Je ne suis pas censé penser à une gardienne. Elles sont sacro-saintes. Intouchables.
Elle leva la main et posa ses doigts diaphanes sur la joue d’Andrew.
— Nous aurons assez de temps pour penser à tout ça plus tard, dit-elle doucement, quand je serai avec vous, tout près de vous…
— Callista, vous savez que je vous aime, dit-il d’une voix hésitante.

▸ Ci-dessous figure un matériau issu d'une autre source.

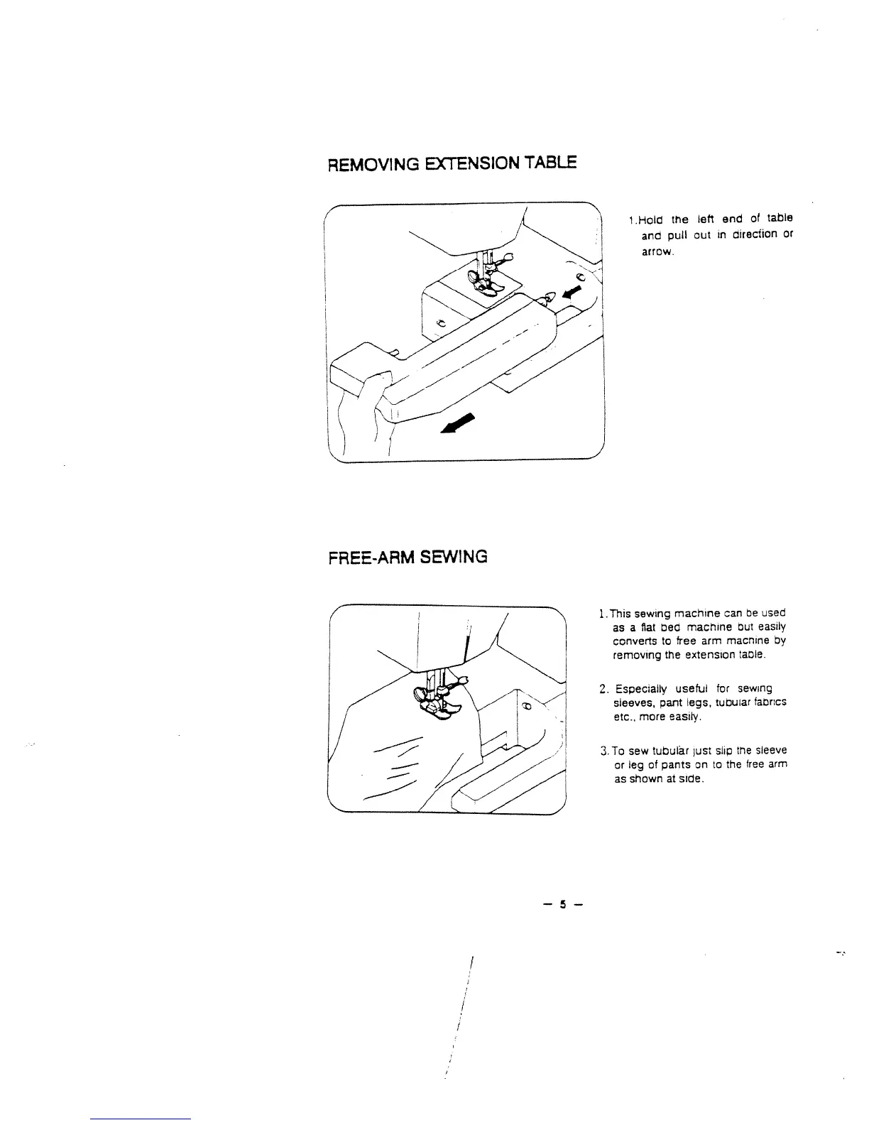 White 1409 white - Removing Extension Table; Free-Arm Sewing
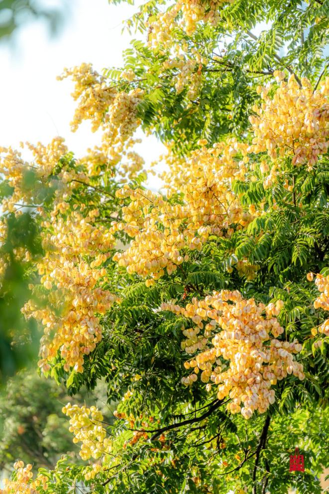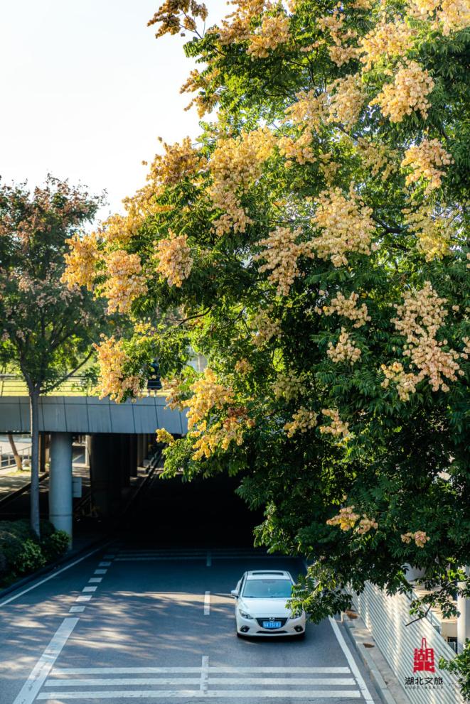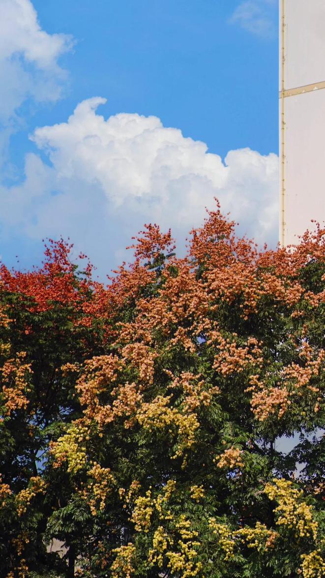 于是,在一棵樹(shù)上,你可以同時(shí)看到綠、黃、粉等多種顏色。尤其是那一簇簇果莢,像一團(tuán)團(tuán)輕霧,又像掛滿樹(shù)冠的淺色花簇,為繁忙的街道增添了一份輕快與浪漫。

Les lèvres de Callista tremblèrent.
— Je le sais, et je n’y suis pas habituée. Je crois qu’en d’autres circonstances, cela me ferait peur. Mais vous êtes venu à moi quand j’étais très seule, et que je craignais de me faire brutaliser ou violer… Peut-être même tuer. Ce n’est pas la première fois qu’un homme me désire, dit-elle avec simplicité. Bien sûr, on m’a enseigné – par des moyens dont vous n’avez aucune notion – à ne pas y réagir, même en pensée. Avec certains hommes, je me sentais… dégoûtée, comme si des insectes rampaient sur mon corps. Mais il y en a eu certains pour qui j’aurais voulu… voulu, comme je le voudrais maintenant pour vous, savoir répondre à leur désir. Peut-être même savoir les désirer aussi. Comprenez-vous cela ?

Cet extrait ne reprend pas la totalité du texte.